Der Boykott gegen ihn wurde seit dem 17. Mai 1935
betrieben. Rosenthal bezog seinen kranken Fachkollegen Liebmann
in den folgenden Verhandlungen mit den Karlsruher und Berliner
Ministerien immer mit ein. Der Rektor erklärte beiden
beschwichtigend (24. Mai 1935): "Der Wiederaufnahme der
Vorlesungen, die kürzlich gestört und deshalb vorläufig
ausgesetzt wurden, steht nichts im Wege". Er werde künftig gegen
Ordnungsverstöße einschreiten.
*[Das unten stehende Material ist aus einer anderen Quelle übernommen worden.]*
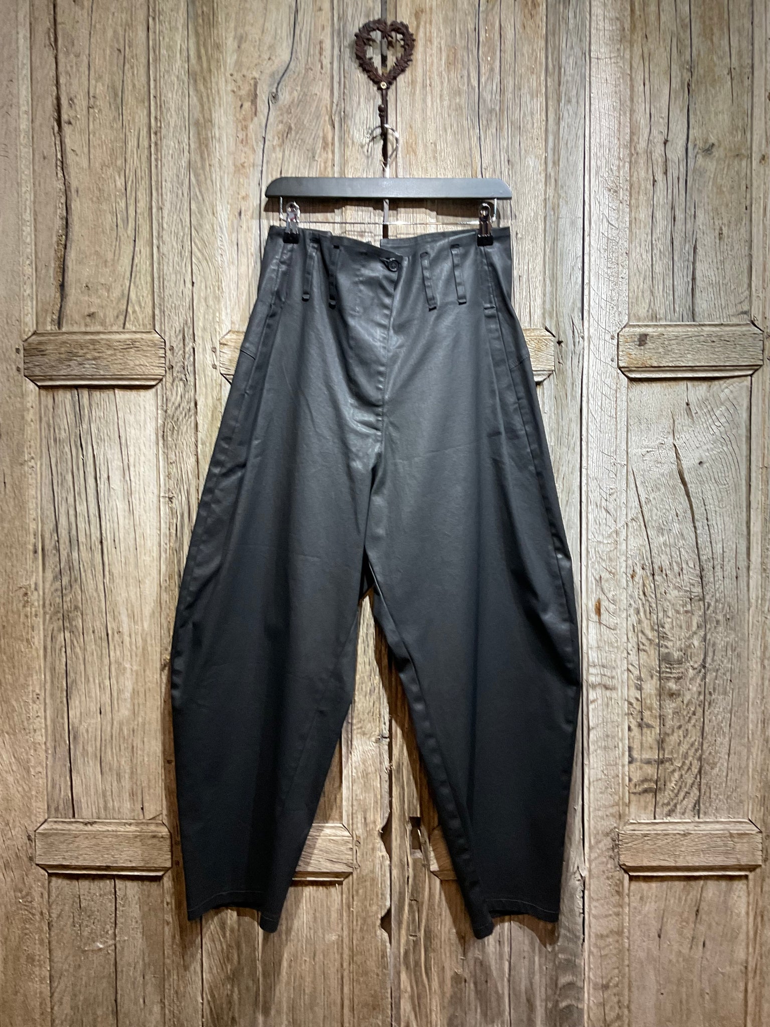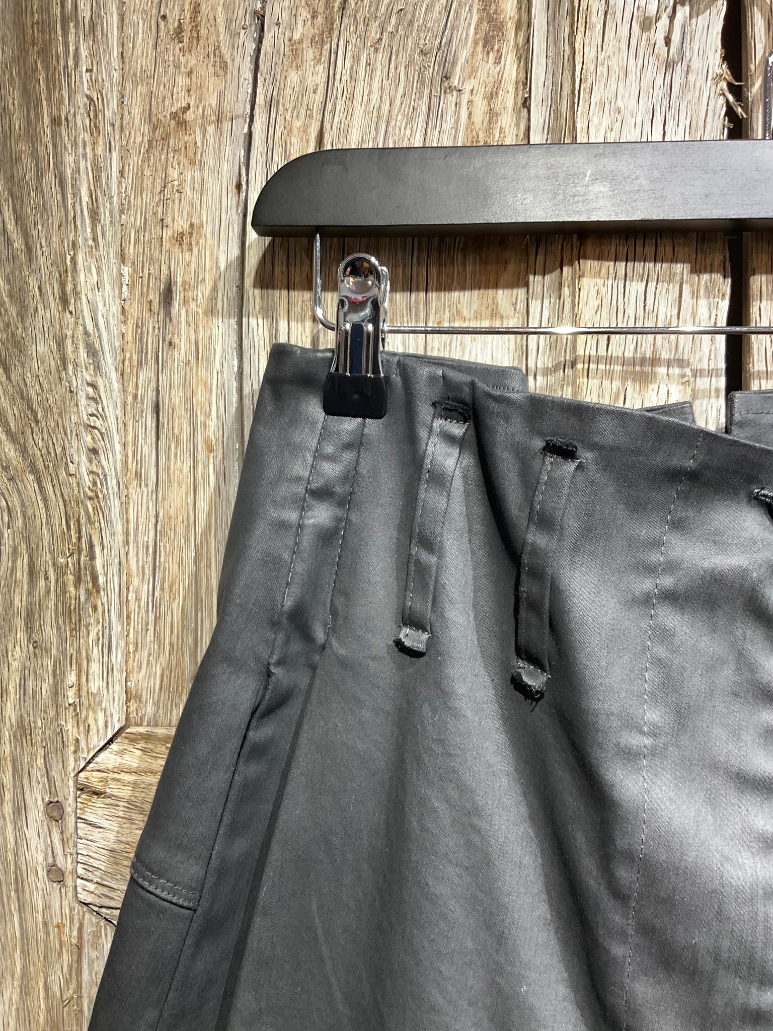 Gorgeous stiff cotton black trousers with button and zip fastening at the front, large belt loop details, two side pockets and one on the back.

In seinem Schlußsatz nahm er seine
Zusagen jedoch wieder zurück, denn er bekräftigte darin:
"Den Bestrebungen des Nationalsozialistischen Deutschen
Studentenbundes als einer Gliederung der NSDAP
entgegenzutreten,
wäre mit meiner nationalsozialistischen Haltung
unvereinbar"(114).
Rosenthal schilderte die Vorgänge dem Rektor Groh ganz
ausführlich, unterrichtete ihn auch darüber, daß die studentische
Fachschaft Parallel-Vorlesungen und Übungen eingerichtet habe,
die von Assistenten abgehalten würden. "Ein Kollege der
Medizinischen Fakultät (hat) seinen Hörsaal zur Verfügung
gestellt". Rosenthal nannte dem Rektor alle Assistenten beim
Namen, die diese "Ersatz"- Vorlesungen und Übungen in der
Pharmakologie abhielten. "Es wird … unter Benutzung
staatlicher Einrichtungen und unter Beteiligung staatlich bezahlter
Personen die gegen uns unternommene Aktion neuerdings
verschärft"(115).
Seine
Studenten bedauerten zwar den Boykott, die Mehrzahl sei jedoch
nicht imstande, dagegen Widerstand zu leisten. Konkrete
Vorwürfe gebe es nicht, es werde lediglich daran Anstoß
genommen, daß Herr Liebmann und er als Nichtarier prüfen
dürften. "Ich fühlte mich im Interesse der Autorität der
Universität verpflichtet, den schweren und unter den gegebenen
Verhältnissen vielleicht von vornherein aussichtslosen Kampf
gegen jene Aktionen des
Studentenbundes durchzufechten". Im Einverständnis mit Rektor
und Hochschulreferent hätte er Kontakt mit dem
Reichserziehungsministerium aufgenommen, um mit dessen
Unterstützung den Kampf fortzusetzen. Die zunächst in Berlin
zugestandene Unterredung wurde abgesagt, da eine Reise nach
Berlin noch "verfrüht" sei. Am 1. Juni wurde sie sogar als
"zwecklos"
verworfen. Man empfahl vielmehr beiden Mathematikern, ihr
Emeritierungsgesuch
einzureichen(116).
"Dem Ansuchen entsprechend"
wurde Rosenthal im August 1935 von seinen Amtspflichten zum
Jahresende
entbunden(117).
S. 155 - 156
Der Mathematiker Artur Rosenthal blieb nach seiner
Emeritierung(118)
zunächst in Heidelberg, denn auch für ihn war es
außerordentlich schwierig, eine Stelle im Ausland, besonders in
den USA zu
finden(119).
Während
dieser Zeit erhielt er
(reduzierte) Emeritierungsbezüge. In der "Reichskristallnacht"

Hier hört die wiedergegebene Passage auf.